Para quienes prefieran acudir a una oficina, el margen es más reducido. La atención presencial comenzará el 1 de junio y se extenderá también hasta el 30 de junio. En este caso, la cita previa se podrá solicitar a partir del 29 de mayo.

Antes de presentar nada, hay un paso que conviene no saltarse. Revisar los datos fiscales.

La Agencia Tributaria ya dispone de una gran parte de la información del contribuyente: identidad, domicilio fiscal, rendimientos del trabajo o datos de ejercicios anteriores. Pero eso no significa que esté todo correcto o completo. Comprobarlo evita errores que luego pueden derivar en rectificaciones o problemas posteriores.

Ese acceso se puede hacer a través de la web o la aplicación de la Agencia Tributaria. Para entrar, será necesario identificarse con alguno de los sistemas habituales: DNI electrónico, Cl@ve, autenticación europea (eIDAS) o el número de referencia de una declaración anterior.

A partir de ahí, empieza la parte menos automática.

Porque aunque Hacienda ya tenga muchos datos, hay documentos que siguen siendo necesarios o, al menos, recomendables tener a mano. Sobre todo si se quiere aplicar deducciones o justificar ingresos que no aparecen reflejados.

No es obligatorio presentarlos en ese momento, pero sí tenerlos preparados.

Entre ellos, el DNI y el número de cuenta (IBAN), certificados del pagador en caso de trabajo por cuenta ajena, referencias catastrales de inmuebles y recibos del IBI. También contratos y facturas si se tienen propiedades en alquiler, así como documentos de compra o venta de inmuebles.

A eso se suman justificantes de inversiones —acciones, letras del tesoro o criptomonedas—, certificados de fondos de inversión o documentación relativa a premios y subvenciones.

Hay además gastos que pueden marcar la diferencia en el resultado final de la declaración. Recibos vinculados al alquiler, seguros asociados a hipotecas o incluso pagos relacionados con vehículos eléctricos y puntos de recarga pueden dar derecho a deducciones si se cumplen los requisitos.

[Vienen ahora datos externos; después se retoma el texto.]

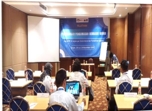
DIKLAT KOMPETENSI PPBR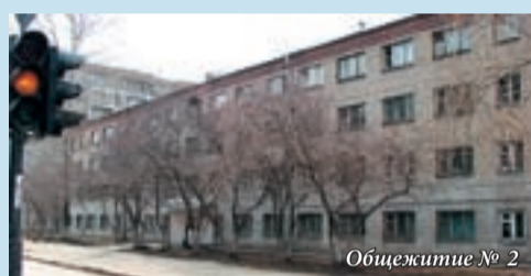
Общежитие № 2

Корпус № 9, общежития № 4, 5 ул. Ильича, 26 Проезд: троллейбус 10, остановка «Библиотека»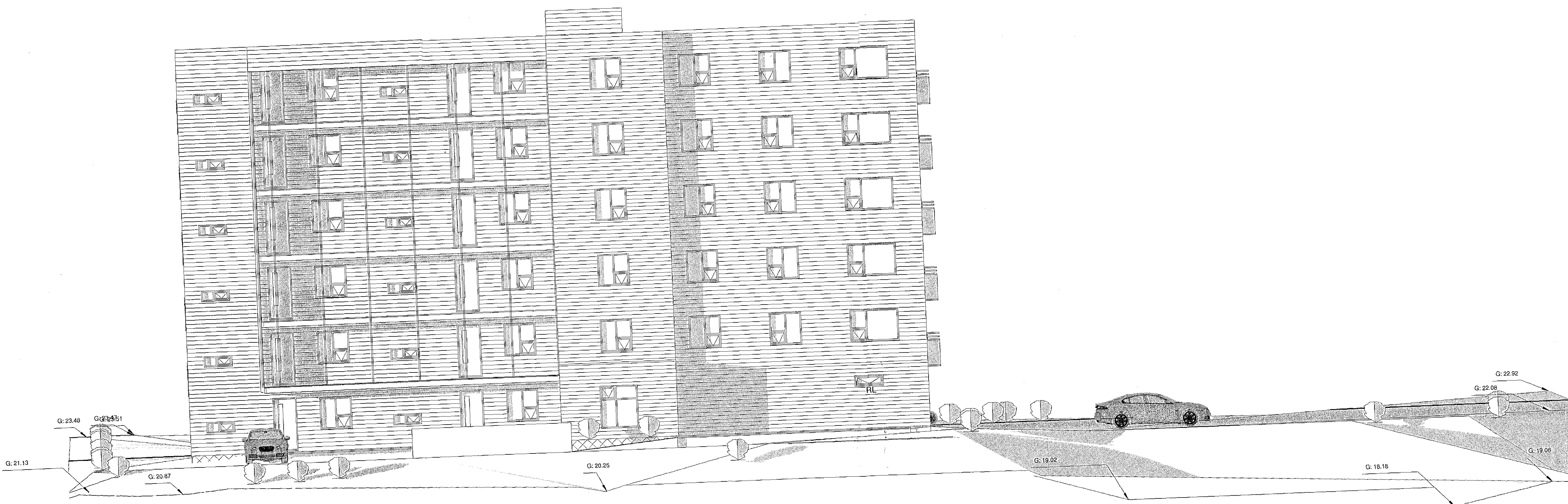
2 Norður 1 : 100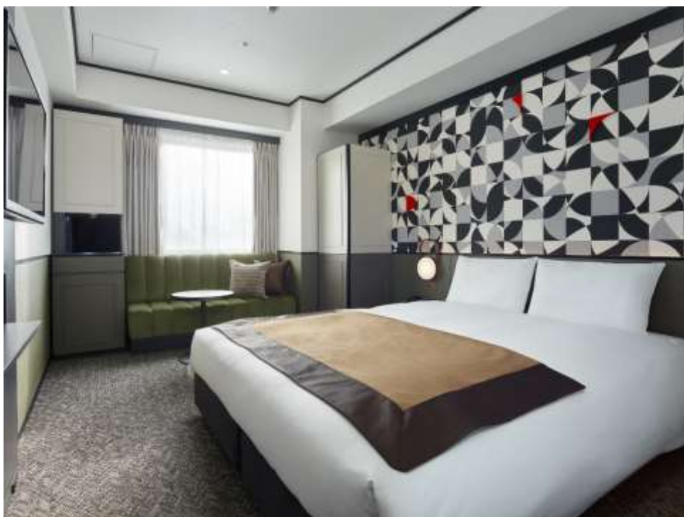
モデルートダブル

近年のレジャーニーズに対応する為、客室構成を大幅に見直し、シングルタイプを減らし、ダブルタイプを10室、ツインタイプを27室、トリプルタイプを23室増やしました。また、客室内装は腰板や廻縁などのフォーマルなモチーフ、パターン、フォルムを随所に配し、オリーブグリーンやワインレッドなどのイタリアならではの伝統色をベースとした落ち着いたカラースキームでまとめ上げました。ヘッドボード上のアクセントクロスには、黄金比螺旋をモチーフとしたオリジナルデザインを採用し、イタリアンレッドやゴールドのオブジェを配することで、おとなの遊び心を散りばめました。落ち着いた中に、遊び「心」のある「おとなイタリアンスタイル」の滞在空間をお客様に提供いたします。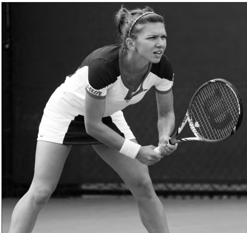
Halep s-a întrebunțat serios pentru a ajunge în turul 2 la US Open!

„Am învățat că trebuie să lupt pînă la capăt!” Halep a declarat că în meciul cu Danielle Rose Collins a avut emoții, însă a învățat că trebuie să lupte pînă la ultima minge și să câștige partida chiar dacă a pierdut primul set. „A fost un meci dificil, am început un pic nervoasă, cu emoțiile care sunt mereu în primul tur la un turneu, ea a jucat foarte bine, este tânără, motivată, vine de la colegiu și n-a avut nimic de pierdut. Am încercat să fac tot ce pot pe teren și de aceea probabil l-am și câștigat. Am învățat că trebuie să lupt pînă la ultima minge și să am încredere că pot câștiga meciul chiar dacă am pierdut primul set”, a declarat Halep, care a spus că nici nu știa cum arată adversara ei, deoarece a văzut-o prima oară pe teren. Danielle Rose Collins a afirmat că meciul cu Simona Ha-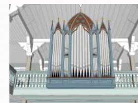
fasaden - opphavleg frå 1895

Galleriet vert bygd opp på ny. Det vil få korte sidegalleri som har plass til mellom anna kor. Brystninga får søyler i rekkverk, som vil opna det tidlegare litt tronge og mørke galleriet.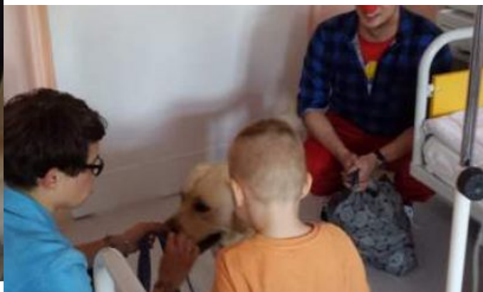
Dogoterapia w szpitalu w Gliwicach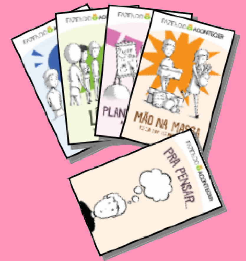
Cards (e/ou Botons)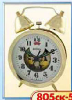
805ск-5 диаметр 88 мм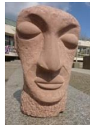
Kopf, 2001 Sandstein Privatbesitz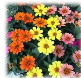
ジニア （キク科） カラフルな花色で草丈も低く育つため、夏から秋にかけて長い間、花を観賞できます。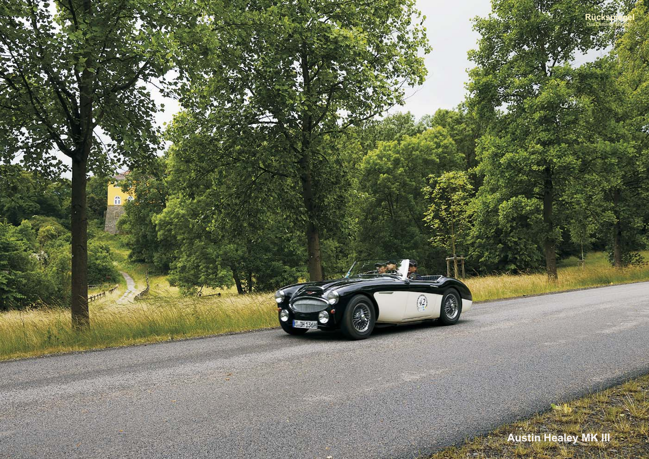
Austin Healey MK III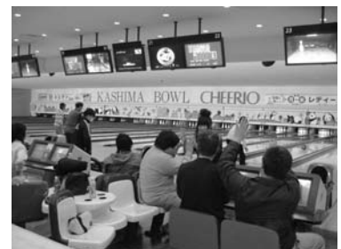
【スベアとれました!】

11月7日(土)、ショッピングセンターチェリオ内の鹿島ボウルで、アシストふれあいボウリング大会が開催されました。障がいのある人とボランティアのふれあいを目的に実施されているこの大会は、鹿島ボウルから全員のプレー代・貸し靴代が無料で提供されています。今回は高校生ボランティアを含めた24名が参加し、各レーンに分かれ楽しくも白熱したプレーが繰り広げられました。あちらこちらから歓声があがり、みんなが一緒になって楽しみました。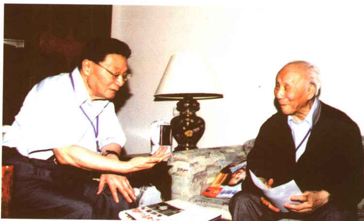
两院院士潘家铮探望老师▶ (2004)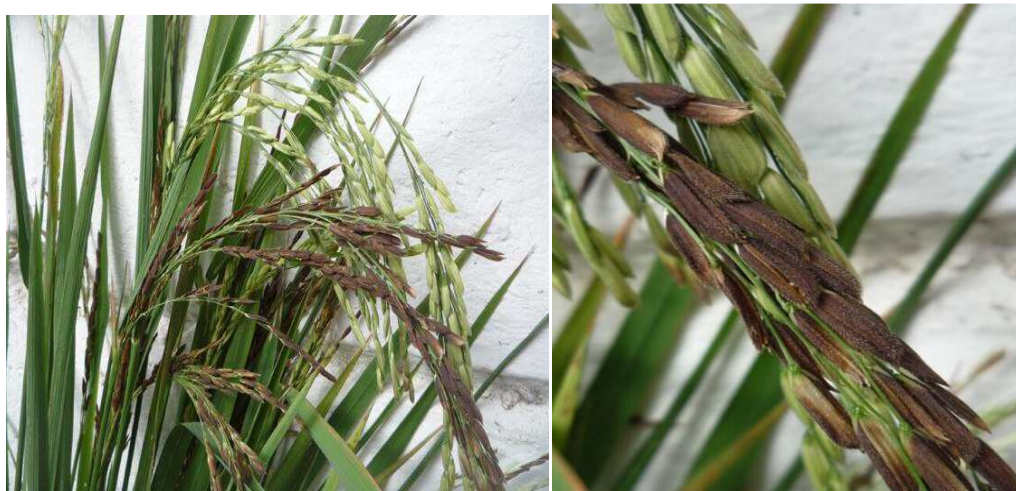
Figura 5: Daños provocados por Burkholderia glumae en la espiga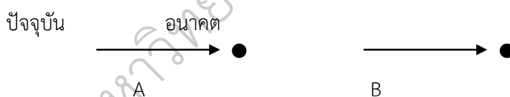
ภาพประกอบ 2 การวิจัยอนาคตใช้วิธีการฉายภาพการพยากรณ์เชิงเส้นตรง

Phase-I Classical Linear Projection (1960-1970) ในช่วง 10 ปีแรก การวิจัยอนาคตใช้วิธีการฉายภาพการพยากรณ์เชิงเส้นตรง วิธีการนี้ใช้ได้ดีกับการพยากรณ์บางอย่างที่เกี่ยวข้องกับองค์ประกอบอื่น ๆ น้อยตัว ดังภาพประกอบ 2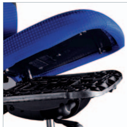
Werkzeugfreier Wechsel durch Polster-Clip-System. Zonder gereedschappen te verwisselen, door het Polster-Clip-Systeem.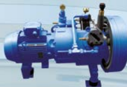
Booster sur base métallocaoutchoutée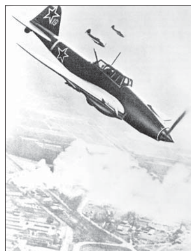
Советские штурмовики Ил-2 наводили ужас на фашистов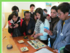
Jóvenes de La Paz en la escuela de platería del Ingenio Ichu

Save the Children coordina con los Servicios Departamentales de Salud para que se proporcionen suplementos a los niños en las escuelas y centros de salud. Este proyecto cuenta con el apoyo financiero de la empresa UNILEVER y la fundación de la familia KARLSSON y tendrá una duración de 3 años.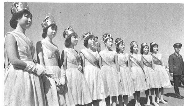
■秋晴れの高原でひととき映ゆるミス九州横断道路

En caso de duda, la Agencia Tributaria mantiene varios canales de ayuda. Existen teléfonos de atención —como el de tributación básica (91 554 87 70) o el de información y citas (91 333 53 33)— disponibles de lunes a viernes en horario de mañana.

También se puede recurrir a la cita previa, tanto telefónica como presencial, o al asistente virtual de la propia Agencia, que funciona como una guía rápida para resolver cuestiones frecuentes.

Al final, más allá de fechas y documentos, la campaña sigue siendo lo mismo de cada año: un proceso en el que conviene revisar con calma, comprobar datos y no dejarlo para el último momento. Porque los plazos son amplios, pero el margen de error suele ser bastante más corto.